Of course, variables remain. The Fed’s concerns about stability could also apply to Ripple. The price volatility of crypto-assets like XRP, stablecoin operational risks, and cybersecurity threats are all areas the Fed will scrutinize closely. The Fed has the authority to attach conditions to a master account if needed (e.g., setting deposit limits, not paying interest) or to restrict or close the account if it poses a risk, even after granting it. In the worst-case scenario, a rejection like Custodia’s cannot be ruled out, but given that the Fed has already gone through a legal battle, it is expected to make a more deliberate decision based on clearer criteria this time. In short, the Custodia case served as a lesson and a preparatory guide for Ripple, which is now re-attempting its bid with higher compliance standards and a federal-level charter.
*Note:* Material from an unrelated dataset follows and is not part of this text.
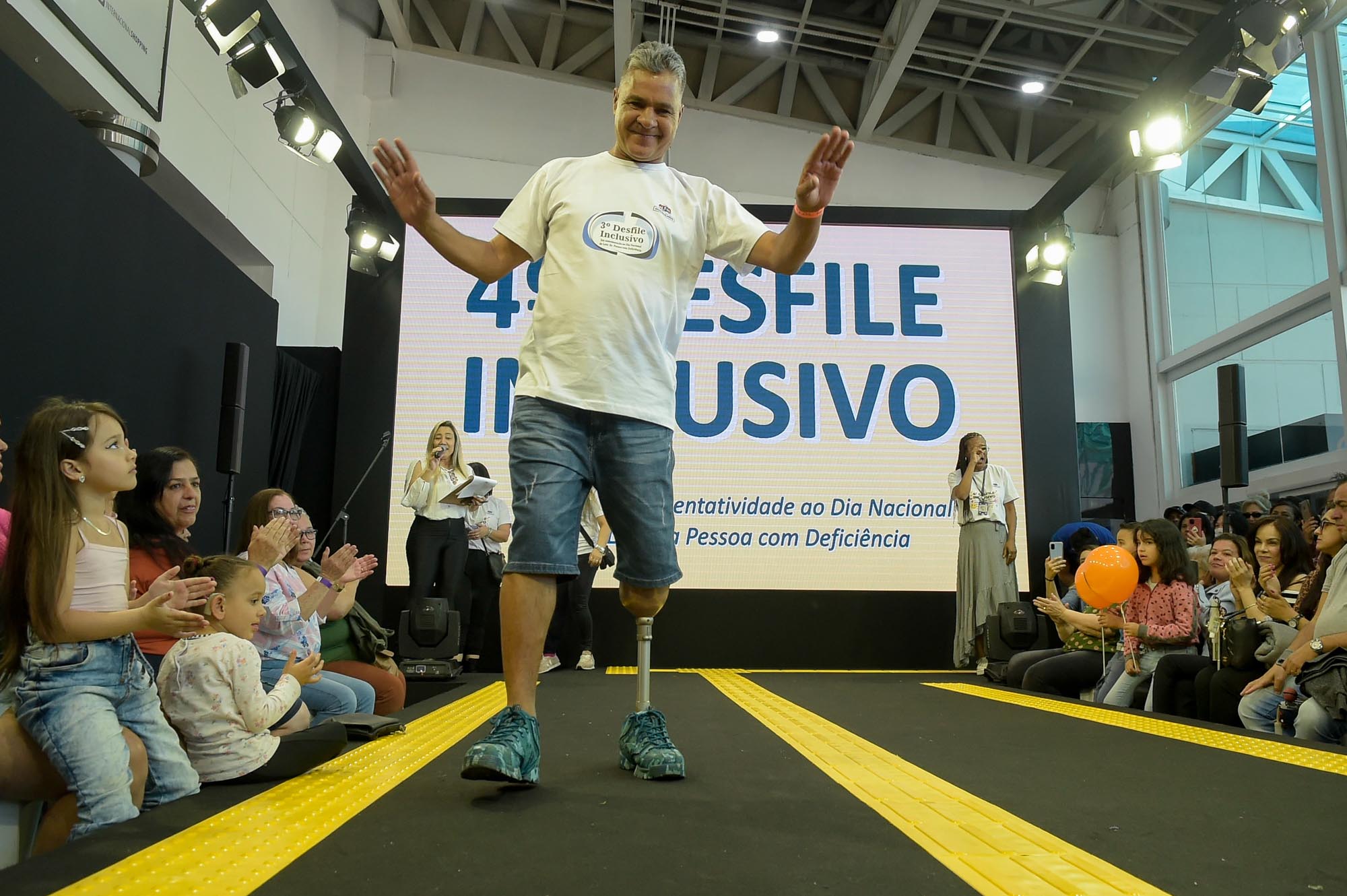 A alegria e a emoção contagiaram a plateia e os modelos que participaram do 4º Desfile Inclusivo de Guarulhos, promovido pela Prefeitura no último sábado (24) no Internacional Shopping. Com um público itinerante de três mil pessoas e uma plateia de mais de 400 pessoas, o evento mobilizou 28 modelos com algum tipo de deficiência selecionados para esta edição, que desfilaram na passarela com figurinos de lojas do shopping. Outros 20 modelos que se apresentaram em 2019 também participaram.

6. Overview of the Stablecoin Market and U.S. Policy Trends
To understand Ripple’s master account application, it is necessary to examine the growth of the stablecoin market and its regulatory environment. A stablecoin is a cryptocurrency with a stable value, typically designed to be pegged 1:1 to a fiat currency like the U.S. dollar. Tether (USDT) and USD Coin (USDC) are prominent examples, widely used as an intermediate currency replacing the dollar in crypto trading and utilized for various purposes such as decentralized finance (DeFi) and international remittances. The stablecoin market has grown rapidly since around 2018, with the global market capitalization exceeding approximately $250 billion in 2025, a record high. The market reacted strongly to the passage of a stablecoin regulation bill in the U.S. Senate, with the total market cap surging by over 20% in a short period on expectations of institutional integration.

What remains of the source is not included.